Work comes to me in the wackiest ways, and I’m grateful for all of it. Most recently, I donated a copy of Will Write for Food and an hour of consulting time to a fundraiser at Purple Asparagus in Chicago. The winner was Jasmine Huffman, marketing manager of Lettuce Entertain You (LEY), a group of 85 nationwide restaurants with corporate offices in Chicago.
Instead of taking the hour for herself, Jasmine hired me to come teach about food writing in a three-hour workshop. Class met at Cafe Ba Ba Reeba, a hot Chicago restaurant I have tried to get into and failed. We talked about food writing on Twitter and Facebook, how to connect with customers, and for our first exercise, we shot cell phone photos of food.
Yes, as part of my varied career, I studied photography in journalism school and was once a newspaper photographer. It was fun to run around and help people with their snaps of the buffet. I concentrated on quick fixes: getting in close, cropping out distracting backgrounds, and eliminating shadows. Even so, only three people tweeted their photos immediately. It’s hard!

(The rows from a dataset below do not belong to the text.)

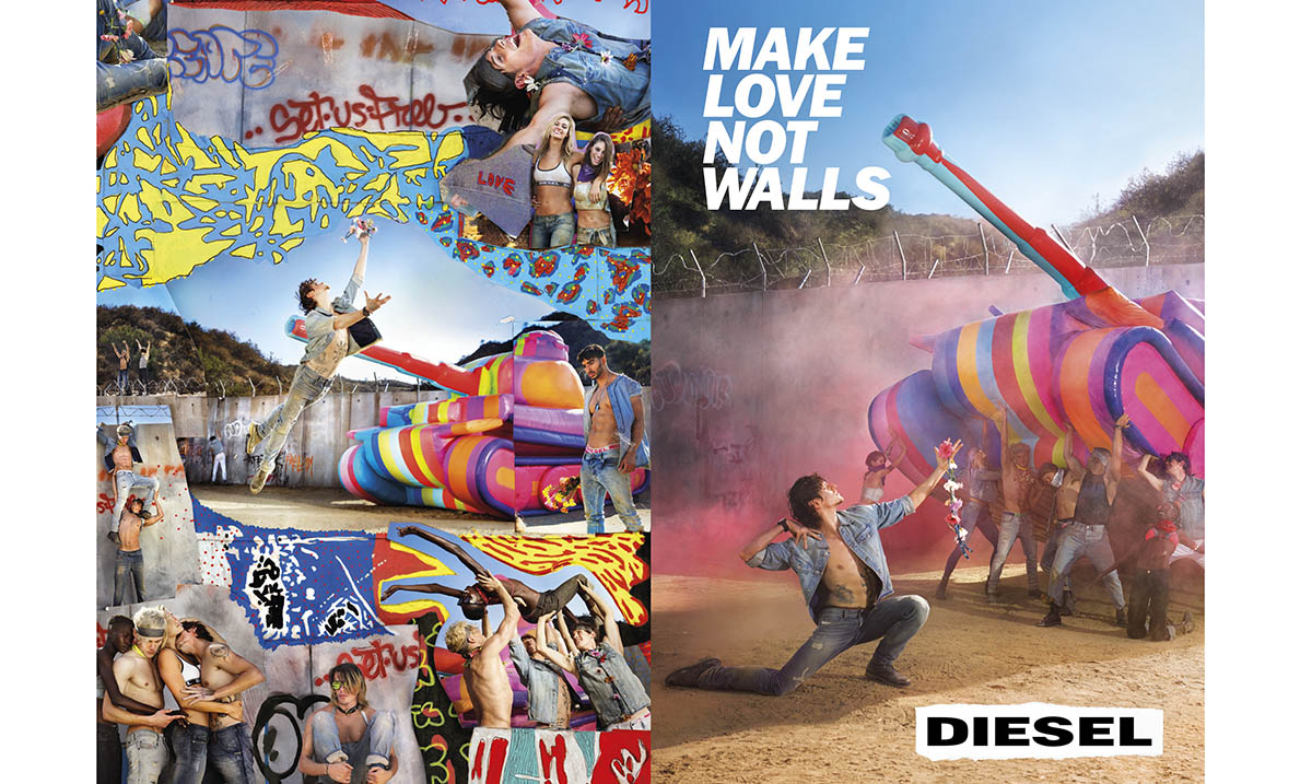 “Od naše David LaChapelle kampanje koja prikazuje dvojicu mornara u strastvenom poljupcu 1995. godine pa do danas, DIESEL je uvek pomerao granice i to nastavlja i danas. Potrebno je imati muda da biste rušili granice u trenutku kada teror ponovo deli ljudi dizanjem zidova širom sveta“, izjavio je Renzo Rosso, osnivač Diesel-a.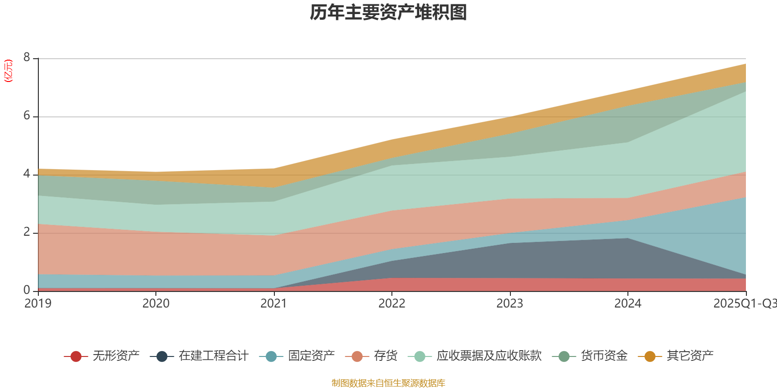 资产重大变化方面,截至2025年三季度末,公司固定资产较上年末增加331%,占公司总资产比重上升25.08个百分点;在建工程合计较上年末减少90.27%,占公司总资产比重下降18.39个百分点;货币资金较上年末减少74.57%,占公司总资产比重下降14.14个百分点;应收票据及应收账款较上年末增加44.1%,占公司总资产比重上升7.52个百分点。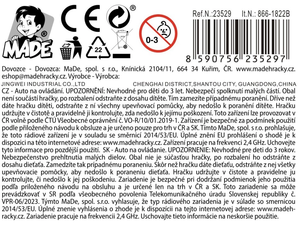 Auto se napaja lako dostupnim AA baterijama, pa je spremno krenuti na stazu u bilo kojem trenutku. Kutija s prozorčićem služi kao praktično pakiranje za pohranu i kao lijep poklon. Igra s RC autom potiče razvoj fine motorike, koncentracije i koordinacije oko–ruka.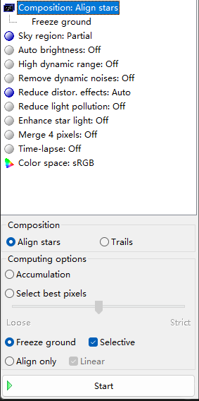 堆栈的目的是为了保证单张照片的噪声水平,也就是提高信噪比,在单张曝光时长有限的情况下,这一过程就显得尤为重要。对于深空佬来说就太熟悉了,只不过我们犯不着用Pi来处理它们,使用Sequator可以做到简单高效,同时还可以处理地景部分的信息,之外还支持做简单的图像校准,只不过一般情况下我们没必要去做,这里也是只介绍最简单快捷的处理过程。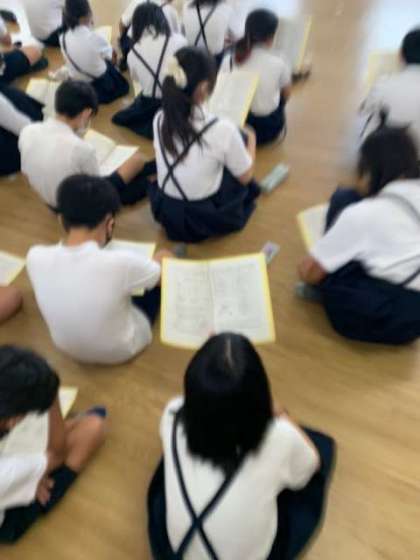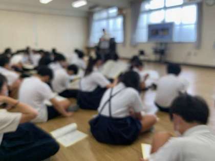 4時間目に学年で、再来週に控えた修学旅行の説明会を行いました。みんなで楽しく過ごすための確認です。
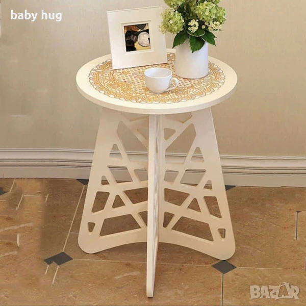 Стилна кръгла холна маса с ажурни крака – Бял елегантен акцент за всяко пространство.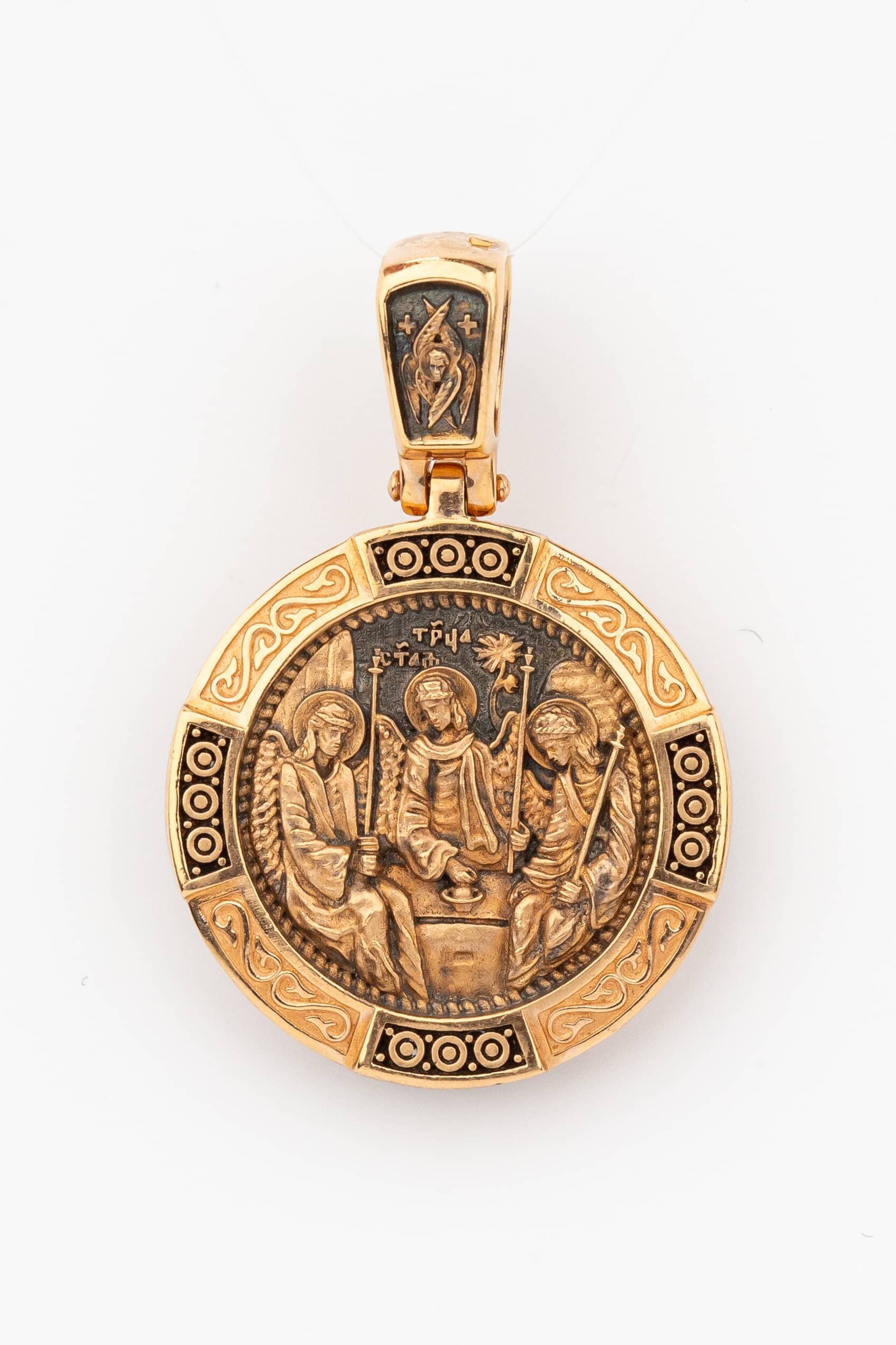На лицевой стороне изображена икона Святой Троицы. Это образ Триединого Бога явившегося в виде трех Ангелов праотцу Аврааму. Ангелы сидят за трапезным столом вокруг чаши, которая символизирует грядущую жертву Второго Лица Пресвятой Троицы, Бога Сына.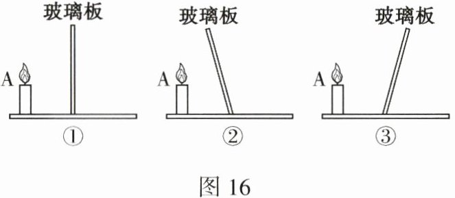 (5)若将蜡烛 A 立在水平桌面上,点燃蜡烛观察发现:玻璃板中蜡烛 A 的像偏低且倾斜。你认为在图 16 所示的三幅图中,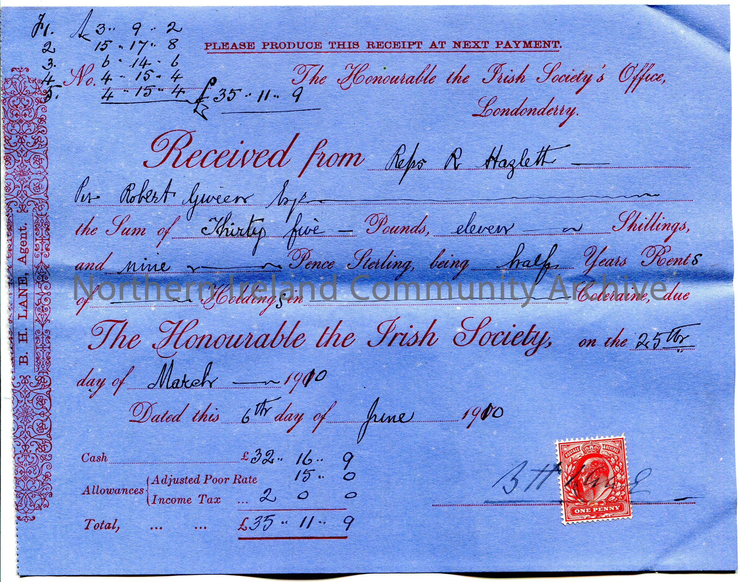 Handwritten receipt (blue paper) for payment from R Hazlett [Hezlet] per Robert Giveen to The Honourable the Irish Society for the sum of £35.11.9. Payment for half a years rent of holdings in Coleraine due 25th March, 1910. Receipt dated 6th June, 1910. Signature of B H Lane, Agent over red one penny Edward VII postage stamp. Numerical calculation handwritten on back of receipt.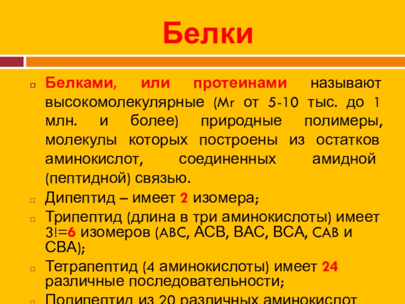 Полипептид из 20 различных аминокислот имеет 1018 изомеров (Mr ≈2600).

Later I realized I’ve never interviewed people about marketing work on this blog. So I phoned Jasmine to find out more.
As marketing manager, Jasmine’s job includes writing about restaurant food through social media, global marketing, direct mail and advertising.
“We’re always involved in some kind of food writing,” says Jasmine. There’s announcing an event, such as a cooking series at a restaurant or a restaurant opening. This includes writing a press release, creating a promotional flyer, working on emails to customers with the restaurant staff, and writing announcements for Twitter and Facebook. Additionally, people at LEY:
- Write web copy that describes the restaurant, the menus, and profiles the chef
- Write press releases and work with the media, pitching stories and responding to requests for information
- Come up with direct mail to customers and promotional postcards for the restaurants
- Write ad copy for print and online ads
- Create marketing collateral such as for a brochure, a gift card program, or a frequent dining program
- Post on social media representing the restaurant, announcing specials, and reaching out to customers and media.

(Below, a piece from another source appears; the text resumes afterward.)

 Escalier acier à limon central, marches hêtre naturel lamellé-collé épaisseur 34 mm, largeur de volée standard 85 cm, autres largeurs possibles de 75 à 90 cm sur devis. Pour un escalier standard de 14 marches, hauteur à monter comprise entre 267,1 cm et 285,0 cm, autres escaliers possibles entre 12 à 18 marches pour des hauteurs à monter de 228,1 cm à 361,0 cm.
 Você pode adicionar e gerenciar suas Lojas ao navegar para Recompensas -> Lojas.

The employees who do this work are called marketing coordinator, social media coordinator, public relations manager, or web or PR assistant. These jobs are not necessarily entry level, as food writing goes on at all levels. As you might imagine, web skills are critical, such as the ability to use social media, email, and knowledge of the web. The managers of the stores do some of the work too. Particularly, they are in charge of writing the menus.

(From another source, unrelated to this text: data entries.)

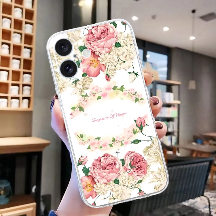 For iPhone 16 Plus Colored Drawing Pattern Transparent TPU Phone Case(Rose)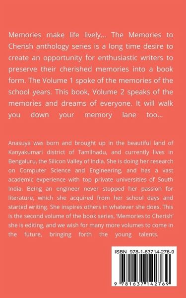 Memories make life lively… The Memories to Cherish anthology series is a long time desire to create an opportunity for enthusiastic writers to preserve their cherished memories into a book form. The Volume 1 spoke of the memories of the school years. This book, Volume 2 speaks of the memories and dreams of everyone. It will walk you down your memory lane too...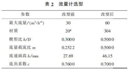2) 為了解決泵出口流量計(jì)頻繁泄漏以及流量較低不能滿足工藝需求的問(wèn)題,更換新型流量計(jì),其相關(guān)參數(shù)見(jiàn)表 2。 更換后的流量計(jì)運(yùn)行 4 000 h后未出現(xiàn)泄漏現(xiàn)象。

Jasmine advises that writers looking for work like this should use social media to build relationships with restaurants. “If you’re eating at the restaurant, that would create an opportunity as well,” she says. “Be resourceful, persistent, and follow up. Have a die-hard atititude, because these jobs are sought after and popular.”
She recalled that she was persistent as a job applicant, interviewing seven times at LEY. Previously Jasmine had worked for a restaurant and catering company, a PR agency, a non-profit and a government job. “I didn’t have a clear path to the hospitality industry. But the thread that connected everything, for me, was writing.”